A remarkable difference between the studied basal neodermatan groups (monopisthocotylean and polypisthocotylean monogeneans and aspidogastreans) and Bothrioplana semperi appears to be in the structure of the luminal surface of the excretory ducts (Fig. 6). In the above-mentioned neodermatan groups the duct surface bears lamellae, whereas in B. semperi, which is assumed to be neodermatan ancestor, the excretory duct epithelium is enlarged with “rare rounded short microvilli” and there are longer microvilli on the luminal surface in larger ducts [6]. Unfortunately, Kornakova [6] did not provide any detailed illustration to better visualise her description of the excretory ducts of B. semperi. Among free-living flatworms, microvilli have been recorded in large excretory ducts of the rhabdocoelid Gieysztoria sp. [32]. Lamellae as luminal structures of the excretory ducts are characteristic of proseriates Monocelis sp. and Invenusta paracnida [30, 33]. Among basal neodermatans, the enlargement of the luminal surface of the excretory ducts by microvilli is observed in larval and adult gyrocotylid G. urna ([29, 36]; present study), the amphilinid A. foliacea ([29]; present study) and A. elongata [34], and in all members of the Eucestoda [35]. Interestingly, as shown by our investigation, slender microvilli with the central narrow electron-dense band along its whole length have been observed on the luminal surface of the excretory ducts of G. urna and tapeworms of the early diverging order Spathebothriidea (our unpublished data).

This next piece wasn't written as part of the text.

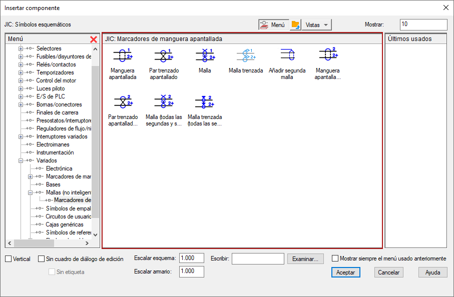 Los componentes de esquema como, por ejemplo, relés, interruptores, pilotos y dispositivos discretos de control del motor (excepto símbolos de E/S de PLC) siguen la convención de denominación que se indica a continuación:

New data on the fine morphology of the terminal organ of the basal cestode groups
Among the Neodermata, two types of the terminal protonephridial complex have been distinguished [13], one with septate junctions between terminal and adjacent duct cells (Monogenea and Trematoda), and the other without such septate junctions (Cestoda including Amphilinidea and Gyrocotylidea) [13, 25, 29, 35]. The present investigation revealed that the terminal organ in G. urna differs from those of all other tapeworms. In the places where the external ribs extend beyond the internal ones, the boundary between both cells is lined by electron-dense material forming contact sites (zonulae adherentes). Moreover, a septate junction is observed between terminal and the first duct cells at the level of the distal extremity of the flame tuft. It should be mentioned that the same structure of the terminal complex has been described for the monopisthocotylean Anoplodiscus cirrusspiralis and Ancyrocephalus paradoxus [37, 38]. Such terminal organ differs from those of other monogeneans as well as aspidogastreans and digeneans in the absence of a complete septate junction within the cytoplasmic cord and the absence of two cords on one side of the flame tuft. According to Rohde et al. [39], the complete junction has been secondarily lost in A. cirrusspiralis. The same pattern of the terminal complex in two monopisthocotyleans and gyrocotylidean cestode may be a characteristic supporting the existence of the clade Cercomeromorpha [3, 5]. It is also important to note that the protonephridial system of the Gyrocotylidea and both groups of the Monogenea have the same anatomy: two opening pores that are located in the anterior haft of the body [25]. In aspidogastrideans and digeneans there are two pores or a single pore in the posterior body and a single pore at the posterior end in post-larval Amphilinidea and Eucestoda (Nephroposticophora) [25]. Generally, the presence of septate junctions and lateral ciliary tufts in the excretory ducts of G. urna as well as the presence of the terminal complex with septate junction between two adjacent cells may support the basal position of gyrocotylideans among the tapeworms.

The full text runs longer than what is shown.